─── Dataset extract

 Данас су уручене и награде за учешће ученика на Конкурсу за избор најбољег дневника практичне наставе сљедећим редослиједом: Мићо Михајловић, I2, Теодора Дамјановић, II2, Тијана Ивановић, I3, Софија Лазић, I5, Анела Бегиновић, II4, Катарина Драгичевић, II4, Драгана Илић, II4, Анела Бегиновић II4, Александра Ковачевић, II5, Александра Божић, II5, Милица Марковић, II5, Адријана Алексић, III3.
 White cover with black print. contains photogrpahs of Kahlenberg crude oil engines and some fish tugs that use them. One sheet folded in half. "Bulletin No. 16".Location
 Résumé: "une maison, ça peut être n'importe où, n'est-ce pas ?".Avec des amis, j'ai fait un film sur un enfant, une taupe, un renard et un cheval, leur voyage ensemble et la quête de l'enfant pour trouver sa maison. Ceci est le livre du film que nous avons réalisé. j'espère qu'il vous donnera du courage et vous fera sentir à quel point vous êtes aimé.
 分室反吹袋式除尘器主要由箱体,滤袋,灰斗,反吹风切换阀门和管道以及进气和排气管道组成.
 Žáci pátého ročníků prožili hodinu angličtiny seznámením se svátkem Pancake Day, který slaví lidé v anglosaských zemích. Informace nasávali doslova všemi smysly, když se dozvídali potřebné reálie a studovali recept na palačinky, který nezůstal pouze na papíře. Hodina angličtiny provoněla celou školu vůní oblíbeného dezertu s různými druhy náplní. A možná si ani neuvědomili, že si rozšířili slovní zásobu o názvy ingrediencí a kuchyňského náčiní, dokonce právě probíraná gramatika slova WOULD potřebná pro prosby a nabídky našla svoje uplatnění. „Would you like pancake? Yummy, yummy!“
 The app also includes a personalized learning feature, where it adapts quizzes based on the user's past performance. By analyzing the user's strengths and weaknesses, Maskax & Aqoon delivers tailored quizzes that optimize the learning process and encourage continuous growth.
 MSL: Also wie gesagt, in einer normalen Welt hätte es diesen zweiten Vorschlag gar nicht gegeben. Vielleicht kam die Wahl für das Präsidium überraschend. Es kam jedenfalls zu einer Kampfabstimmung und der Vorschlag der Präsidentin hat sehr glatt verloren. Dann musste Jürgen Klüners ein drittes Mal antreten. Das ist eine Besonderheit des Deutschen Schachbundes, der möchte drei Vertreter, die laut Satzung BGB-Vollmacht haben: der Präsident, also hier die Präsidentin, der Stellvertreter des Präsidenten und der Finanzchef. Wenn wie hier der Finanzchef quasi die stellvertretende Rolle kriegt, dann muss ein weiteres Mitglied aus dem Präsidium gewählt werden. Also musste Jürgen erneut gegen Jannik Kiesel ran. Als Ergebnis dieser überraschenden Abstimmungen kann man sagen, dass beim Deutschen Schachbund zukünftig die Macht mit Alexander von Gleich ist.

──────

## What the task requires
Check the data above and report how many lines include the word "that", using a bare number.

## Task answer
2